-- Opening Marker --

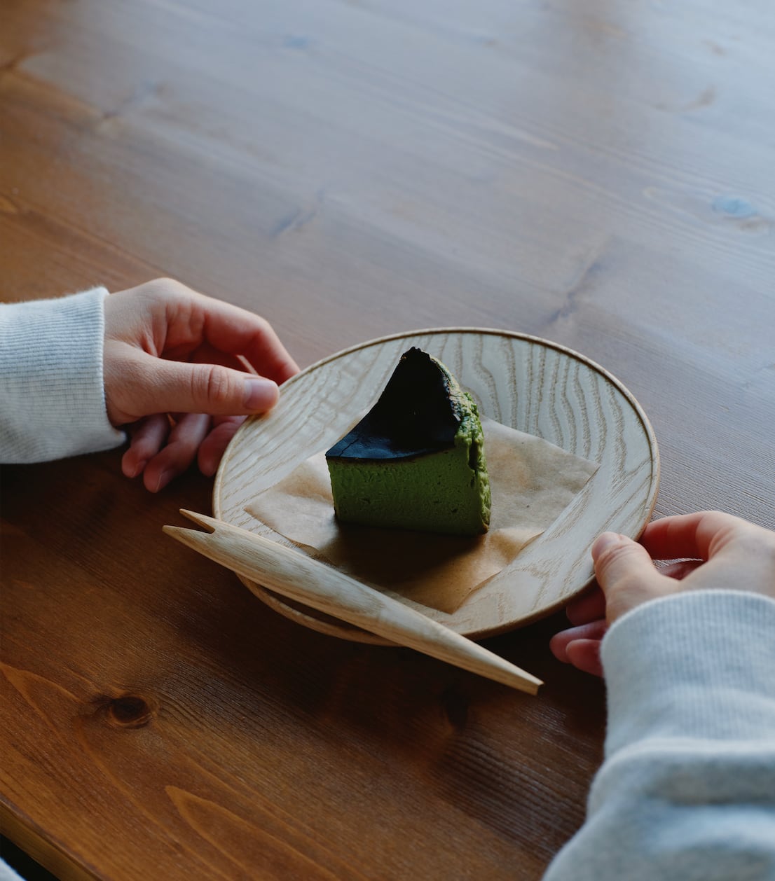 なだらかな形が手に馴染み、安定した形状は持ちやすくケーキにぴったりです。
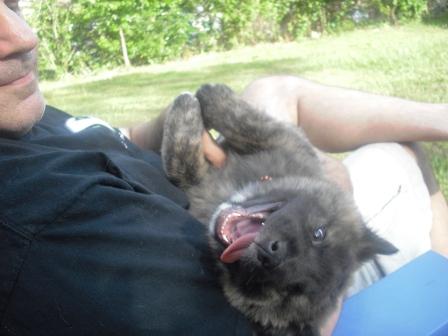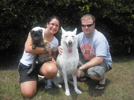 Twizzler has found her forever home! Chris and Tahiry have been wanting to find a playmate for two-year-old Denali, but nothing has worked out. They thought an adult dog would be great, but Denali is a naturally submissive girl, and the adult dogs have overly dominated her. Would a puppy work? You bet! Twizzler really liked Denali, and Denali thought she was pretty nice too! As a puppy, Twizzler will naturally look to Denali for leadership. I can’t wait until I see photos of them together when Twizzler is grown. I think they’ll be a stunning contrast!
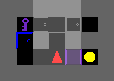 The agent has to pick up a box which is placed in a corner of a 3x3 maze. The doors are locked, the keys are hidden in boxes and doors are obstructed by balls. This environment can be solved without relying on language.
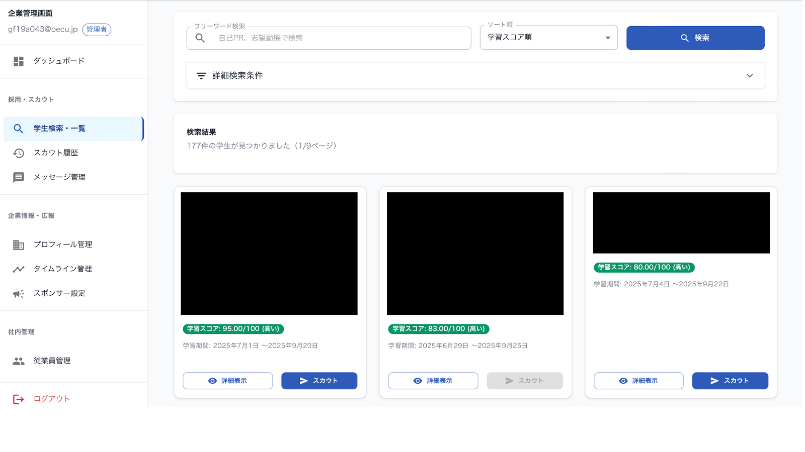 「ガクフドキャリア」では、大学生が学習した不動産行での実績をスコア化し、大学生にスカウトメッセージを送信することができる。
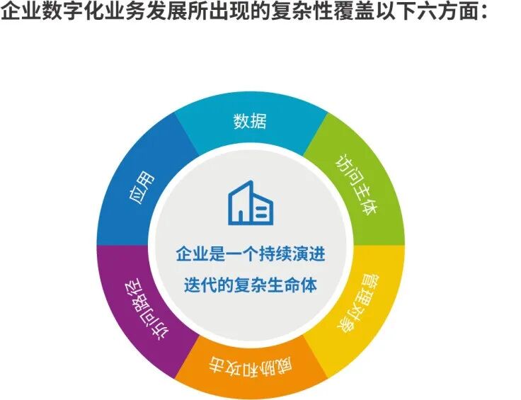 数字化企业可被视为一个完整的数字生命体,能持续发展出有机生命所必须的成长进化、复杂交互和全局智能能力。技术的演进、系统的升级以及数字化业务的快速发展,共同导致企业运行的复杂性出现爆炸性增长。这种复杂性将会给企业未来信任体系建设带来一系列难题。企业现有的安全管控措施日趋乏力,企业疲于应付各类安全事件,业务效率会受到极大影响,其在处置各类安全事件以及弥补安全事件所带来的损失时,将付出更多的被动成本。
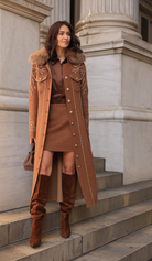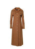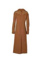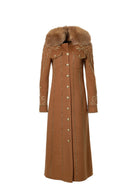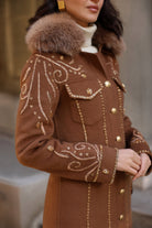 Long Embroidered Beaded Coat with Detachable Fox Collar in Dark/Light Camel
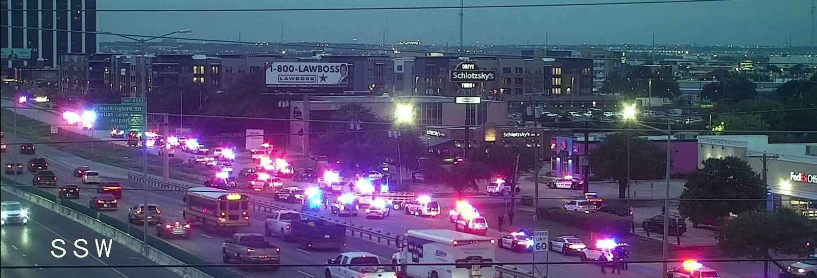 وذكرت قناة “فوكس4” أن المهاجم هو رجل أبيض كان على سطح مبنى وأطلق النار على نفسه عندما اقترب منه عناصر إنفاذ القانون.

-- Closing Marker --

Required action:
The answer must reproduce every line of the records above exactly, with all pictures left out.

Solution:
 なだらかな形が手に馴染み、安定した形状は持ちやすくケーキにぴったりです。
 Twizzler has found her forever home! Chris and Tahiry have been wanting to find a playmate for two-year-old Denali, but nothing has worked out. They thought an adult dog would be great, but Denali is a naturally submissive girl, and the adult dogs have overly dominated her. Would a puppy work? You bet! Twizzler really liked Denali, and Denali thought she was pretty nice too! As a puppy, Twizzler will naturally look to Denali for leadership. I can’t wait until I see photos of them together when Twizzler is grown. I think they’ll be a stunning contrast!
 The agent has to pick up a box which is placed in a corner of a 3x3 maze. The doors are locked, the keys are hidden in boxes and doors are obstructed by balls. This environment can be solved without relying on language.
 「ガクフドキャリア」では、大学生が学習した不動産行での実績をスコア化し、大学生にスカウトメッセージを送信することができる。
 数字化企业可被视为一个完整的数字生命体,能持续发展出有机生命所必须的成长进化、复杂交互和全局智能能力。技术的演进、系统的升级以及数字化业务的快速发展,共同导致企业运行的复杂性出现爆炸性增长。这种复杂性将会给企业未来信任体系建设带来一系列难题。企业现有的安全管控措施日趋乏力,企业疲于应付各类安全事件,业务效率会受到极大影响,其在处置各类安全事件以及弥补安全事件所带来的损失时,将付出更多的被动成本。
 Long Embroidered Beaded Coat with Detachable Fox Collar in Dark/Light Camel
 وذكرت قناة “فوكس4” أن المهاجم هو رجل أبيض كان على سطح مبنى وأطلق النار على نفسه عندما اقترب منه عناصر إنفاذ القانون.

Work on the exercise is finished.